Let’s now take a look at hedge fund activity in other stocks similar to TELUS Corporation (NYSE:TU). We will take a look at Ulta Beauty, Inc. (NASDAQ:ULTA), The Liberty SiriusXM Group (NASDAQ:LSXMA), Loews Corporation (NYSE:L), and W.P. Carey Inc. (NYSE:WPC). All of these stocks’ market caps are closest to TU’s market cap.
|Ticker||No of HFs with positions||Total Value of HF Positions (x1000)||Change in HF Position|
View table here if you experience formatting issues.

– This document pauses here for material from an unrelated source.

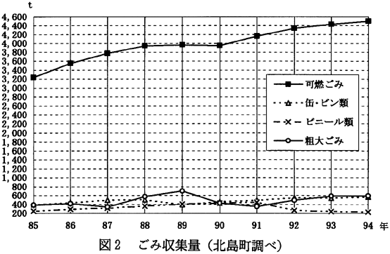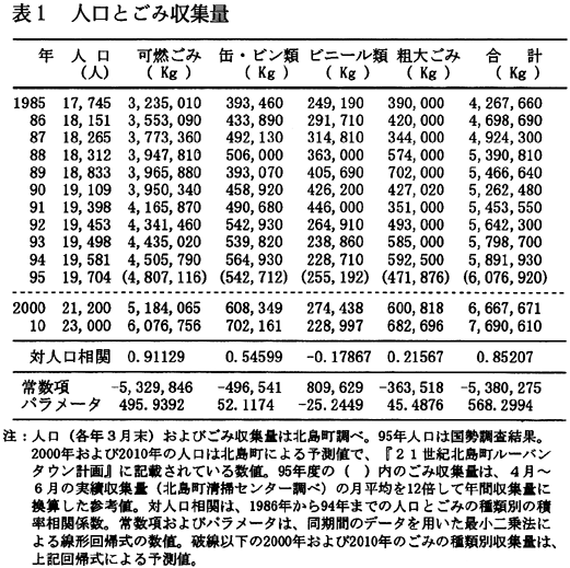 へと38%増加している。種類別では、ビニール類だけが91年をピークに減少しているが、可燃ごみは39%の増加、缶・ビン類は44%の増加、粗大ごみは52%の増加である。この間、可燃ごみは89年と90年の2年間にわたって、粗大ごみは90年と91年の2年間にわたって、前年度に比べて収集量に大きな変化がないか、減少している。この現象について、『21世紀北島町ルーバンタウン計画』の51頁では、平成元年から実施した生ごみ処理容器(コンポスター、コンポエース)と簡易焼却炉(ドラム缶)購入に対する半額補助と、子ども会に奨励金を出して古紙、金属、布、ビンの回収を図るなどの報償制度が資源ごみの回収に効果をあげたためと記している。しかし、91〜92年にかけて、ごみ収集量は再び増加傾向を示しており、この10年間を通してみれば明らかに増加傾向にあることが分かる。 以上のような人口とごみの量との対応関係をもう少し明確にするために、ピアソンの積率相関係数を算出してみたのが、表2に示した「対人口相関」の数値である。 ビニール類だけは逆相関であるが、他は順相関を示しており、人口が増加するとごみの量も増加することがわかる。缶・ビン類や粗大ごみに関しては相関係数は大きくないが、可燃ごみでは0.9を超えている。ほぼ1対1の対応で、人口の増加につれて可燃ごみが増加してきたことがわかる。 これまでのそうした関係に基づいて、人口の変化からごみの量を予測する線形一次式を導き出してみた。その常数項とパラメータが表1の最下欄に記した数値である。それぞれは、Y=aX+bのbとaにあたる。ここで、Yはごみの量でXは人口である。この一次式に2000年と2010年の推計人口を代入して得られたごみの量が表1の破線以下の数値である。可燃ごみは、2000年度には5,184t、2010年度には6,077t

As you can see these stocks had an average of 34.25 hedge funds with bullish positions and the average amount invested in these stocks was $539 million. That figure was $198 million in TU’s case. The Liberty SiriusXM Group (NASDAQ:LSXMA) is the most popular stock in this table. On the other hand Loews Corporation (NYSE:L) is the least popular one with only 21 bullish hedge fund positions. Compared to these stocks TELUS Corporation (NYSE:TU) is even less popular than L. Hedge funds dodged a bullet by taking a bearish stance towards TU. Our calculations showed that the top 10 most popular hedge fund stocks returned 41.4% in 2019 and outperformed the S&P 500 ETF (SPY) by 10.1 percentage points. These stocks gained 13.3% in 2020 through June 25th but managed to beat the market by 16.8 percentage points. Unfortunately TU wasn’t nearly as popular as these 10 stocks (hedge fund sentiment was very bearish); TU investors were disappointed as the stock returned 8.3% during the second quarter (through June 25th) and underperformed the market. If you are interested in investing in large cap stocks with huge upside potential, you should check out the top 10 most popular stocks among hedge funds as most of these stocks already outperformed the market so far in 2020.